Showing 4 changed files with 23 additions and 0 deletions.
diff --git a/custom/conf/app.ini.sample b/custom/conf/app.ini.sample
@@ -402,6 +402,10 @@ SESSION_LIFE_TIME = 86400
 
 [picture]
 AVATAR_UPLOAD_PATH = data/avatars
+; Max Width and Height of uploaded avatars.
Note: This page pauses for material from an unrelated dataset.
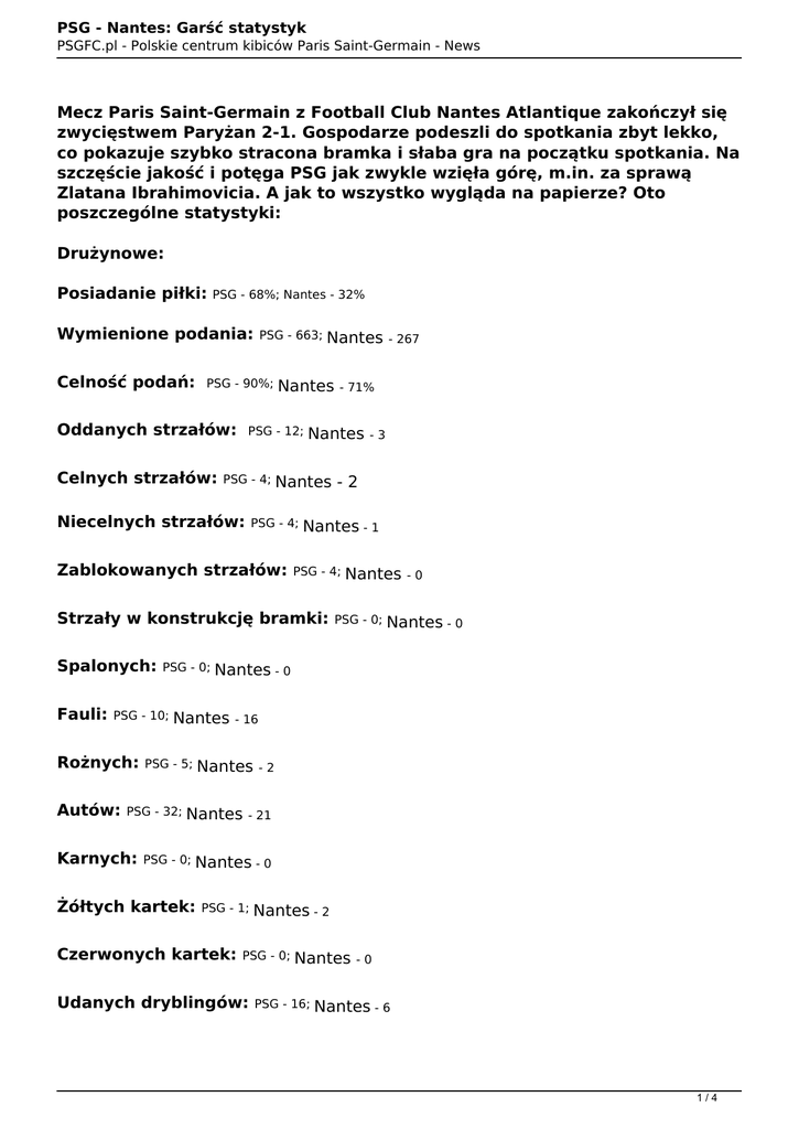 PSG - Nantes: Garść statystyk PSGFC.pl - Polskie centrum kibiców Paris Saint-Germain - News Mecz Paris Saint-Germain z Football Club Nantes Atlantique zakończył się zwycięstwem Paryżan 2-1. Gospodarze podeszli do spotkania zbyt lekko, co pokazuje szybko stracona bramka i słaba gra na początku spotkania. Na szczęście jakość i potęga PSG jak zwykle wzięła górę, m.in. za sprawą Zlatana Ibrahimovicia. A jak to wszystko wygląda na papierze? Oto poszczególne statystyki: Drużynowe: Posiadanie piłki: PSG - 68%; Nantes - 32% Wymienione podania: Celność podań: PSG - 663; PSG - 90%; Oddanych strzałów: Celnych strzałów: Nantes PSG - 12; PSG - 4; Niecelnych strzałów: Nantes Nantes PSG - 4; Fauli: PSG - 10; Rożnych: PSG - 4; Autów: PSG - 32; Karnych: PSG - 0; -0 Nantes - 0 - 16 Nantes Nantes PSG - 0; Nantes Nantes - 0 Nantes PSG - 5; -3 Nantes - 1 Strzały w konstrukcję bramki: PSG - 0; - 71% Nantes - 2 Zablokowanych strzałów: Spalonych: - 267 -2 - 21 Nantes - 0 Żółtych kartek: PSG - 1; Czerwonych kartek: Nantes - 2 PSG - 0; Udanych dryblingów: Nantes PSG - 16; -0 Nantes - 6 1/4 PSG - Nantes: Garść statystyk PSGFC.pl - Polskie centrum kibiców Paris Saint-Germain - News Udanych odbiorów: PSG - 14; Nantes - 36 Indywidualne: Najwięcej strzałów: Adrien Rabiot -3 Najwięcej strzałów celnych: Zlatan Ibrahimović - 2 Najwięcej podań: Adrien Rabiot - 79 Najlepsza skuteczność podań: Adrien Rabiot - 79 podań, 94% celność Najwięcej kontaktów z piłką: Adrien Rabiot - 94 Najwięcej kluczowych podań: Ex aequo Adrien Rabiot, Serge Aurier, Javier Pastore, Zlatan Ibrahimović - 2 Najwięcej udanych dryblingów: Lucas Moura - 4 Najwięcej dośrodkowań: Serge Aurier - 10 Najwięcej celnych dośrodkowań: Ex aequo Serge Aurier, Ezequiel Lavezzi - 2 2/4 PSG - Nantes: Garść statystyk PSGFC.pl - Polskie centrum kibiców Paris Saint-Germain - News Najwięcej długich piłek: Rémy Riou - 20 Najwięcej celnych długich podań: Ex aequo Marquinhos, Thiago Silva - 5 Najwięcej podań prostopadłych: Zlatan Ibrahimović - 2 Najwięcej celnych podań prostopadłych: Ex aequo Lucas Moura, Alejandro Bedoya - 1 Najwięcej odbiorów: Georges-Kévin Nkoudou Mbida - 8 Najwięcej przechwytów: Ex aequo Marquinhos, Olivier Veigneau - 9 3/4 PSG - Nantes: Garść statystyk PSGFC.pl - Polskie centrum kibiców Paris Saint-Germain - News Najwięcej fauli: Ex aequo Maco Verratti, Jordan Veretout - 3 Najbardziej faulowany: Ex aequo Ezequiel Lavezzi, Georges-Kévin Nkoudou Mbida - 3 Najwięcej spalonych: Brak spalonych w meczu Autor: Próżnia 4/4 Powered by TCPDF (www.tcpdf.org)

This is to limit the amount of RAM
+; used when resizing the image.
+AVATAR_MAX_WIDTH = 4096
+AVATAR_MAX_HEIGHT = 3072
 ; Chinese users can choose "duoshuo"
 ; or a custom avatar source, like: http://cn.gravatar.com/avatar/
 GRAVATAR_SOURCE = gravatar

diff --git a/models/user.go b/models/user.go
@@ -433,6 +433,17 @@ func (u *User) IsPasswordSet() bool {
 // UploadAvatar saves custom avatar for user.
 // FIXME: split uploads to different subdirs in case we have massive users.
 func (u *User) UploadAvatar(data []byte) error {
+	imgCfg, _, err := image.DecodeConfig(bytes.NewReader(data))
+	if err != nil {
+		return fmt.Errorf("DecodeConfig: %v", err)
+	}
+	if imgCfg.Width > setting.AvatarMaxWidth {
+		return fmt.Errorf("Image width is to large: %d > %d", imgCfg.Width, setting.AvatarMaxWidth)
+	}
+	if imgCfg.Height > setting.AvatarMaxHeight {
+		return fmt.Errorf("Image height is to large: %d > %d", imgCfg.Height, setting.AvatarMaxHeight)
+	}
+
 	img, _, err := image.Decode(bytes.NewReader(data))
 	if err != nil {
 		return fmt.Errorf("Decode: %v", err)

diff --git a/modules/setting/setting.go b/modules/setting/setting.go
@@ -341,6 +341,8 @@ var (
 
 	// Picture settings
 	AvatarUploadPath      string
+	AvatarMaxWidth        int
+	AvatarMaxHeight       int
 	GravatarSource        string
 	GravatarSourceURL     *url.URL
 	DisableGravatar       bool
@@ -1024,6 +1026,8 @@ func NewContext() {
 	if !filepath.IsAbs(AvatarUploadPath) {
 		AvatarUploadPath = path.Join(AppWorkPath, AvatarUploadPath)
 	}
+	AvatarMaxWidth = sec.Key("AVATAR_MAX_WIDTH").MustInt(4096)
+	AvatarMaxHeight = sec.Key("AVATAR_MAX_HEIGHT").MustInt(3072)
 	switch source := sec.Key("GRAVATAR_SOURCE").MustString("gravatar"); source {
 	case "duoshuo":
 		GravatarSource = "http://gravatar.duoshuo.com/avatar/"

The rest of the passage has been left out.